-- Work instructions --
Only the lines from the beginning of the entries through the one that holds "دفتر رئیس جمهور" may appear in the answer, written out exactly and free of pictures.

=== Begin Enclosure ===

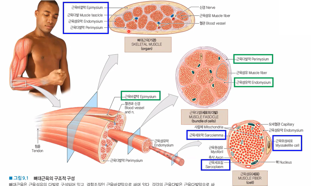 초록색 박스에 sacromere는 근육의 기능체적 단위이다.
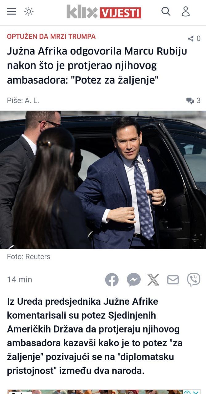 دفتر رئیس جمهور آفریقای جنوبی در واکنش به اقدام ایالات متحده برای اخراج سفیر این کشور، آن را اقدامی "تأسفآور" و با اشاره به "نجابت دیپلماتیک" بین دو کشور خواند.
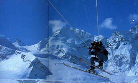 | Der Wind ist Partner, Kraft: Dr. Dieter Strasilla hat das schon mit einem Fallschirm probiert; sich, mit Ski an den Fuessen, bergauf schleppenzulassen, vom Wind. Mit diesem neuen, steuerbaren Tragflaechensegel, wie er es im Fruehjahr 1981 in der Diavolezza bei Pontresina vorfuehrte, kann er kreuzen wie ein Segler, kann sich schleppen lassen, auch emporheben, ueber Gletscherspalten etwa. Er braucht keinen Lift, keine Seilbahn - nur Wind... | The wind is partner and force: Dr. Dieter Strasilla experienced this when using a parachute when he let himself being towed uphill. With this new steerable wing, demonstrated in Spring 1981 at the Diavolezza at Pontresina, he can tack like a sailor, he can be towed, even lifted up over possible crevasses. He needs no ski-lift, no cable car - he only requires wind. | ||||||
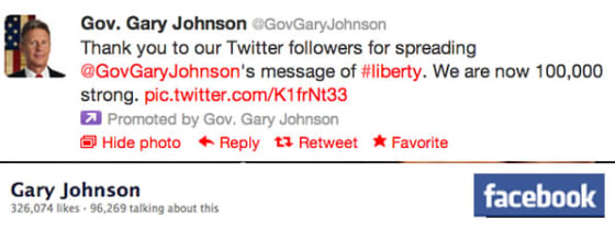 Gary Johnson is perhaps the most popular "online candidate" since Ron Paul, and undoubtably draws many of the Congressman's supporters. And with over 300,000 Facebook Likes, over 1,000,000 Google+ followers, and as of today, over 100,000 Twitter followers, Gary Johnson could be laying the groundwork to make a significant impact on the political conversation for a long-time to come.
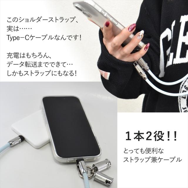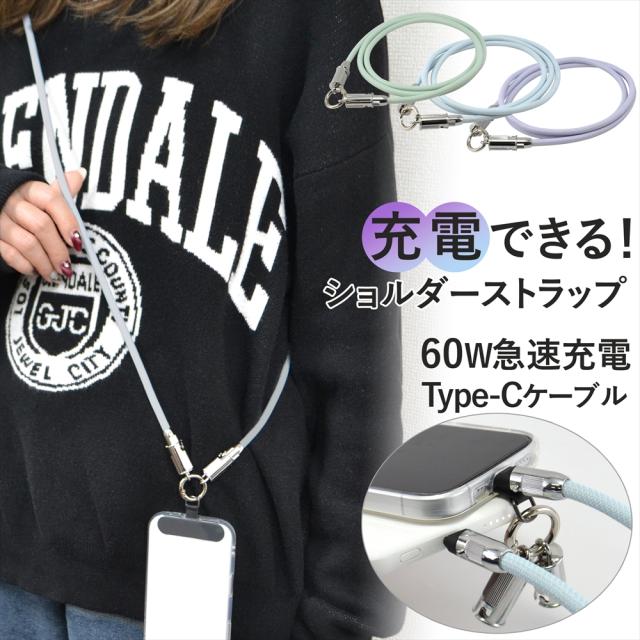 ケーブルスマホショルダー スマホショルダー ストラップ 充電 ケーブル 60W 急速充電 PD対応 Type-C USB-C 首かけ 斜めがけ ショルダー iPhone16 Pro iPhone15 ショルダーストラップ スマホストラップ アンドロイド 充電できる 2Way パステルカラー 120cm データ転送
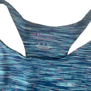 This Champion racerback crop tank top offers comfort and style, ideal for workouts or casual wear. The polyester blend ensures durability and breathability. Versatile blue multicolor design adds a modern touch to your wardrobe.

=== End Enclosure ===

-- Task result --
 초록색 박스에 sacromere는 근육의 기능체적 단위이다.
 دفتر رئیس جمهور آفریقای جنوبی در واکنش به اقدام ایالات متحده برای اخراج سفیر این کشور، آن را اقدامی "تأسفآور" و با اشاره به "نجابت دیپلماتیک" بین دو کشور خواند.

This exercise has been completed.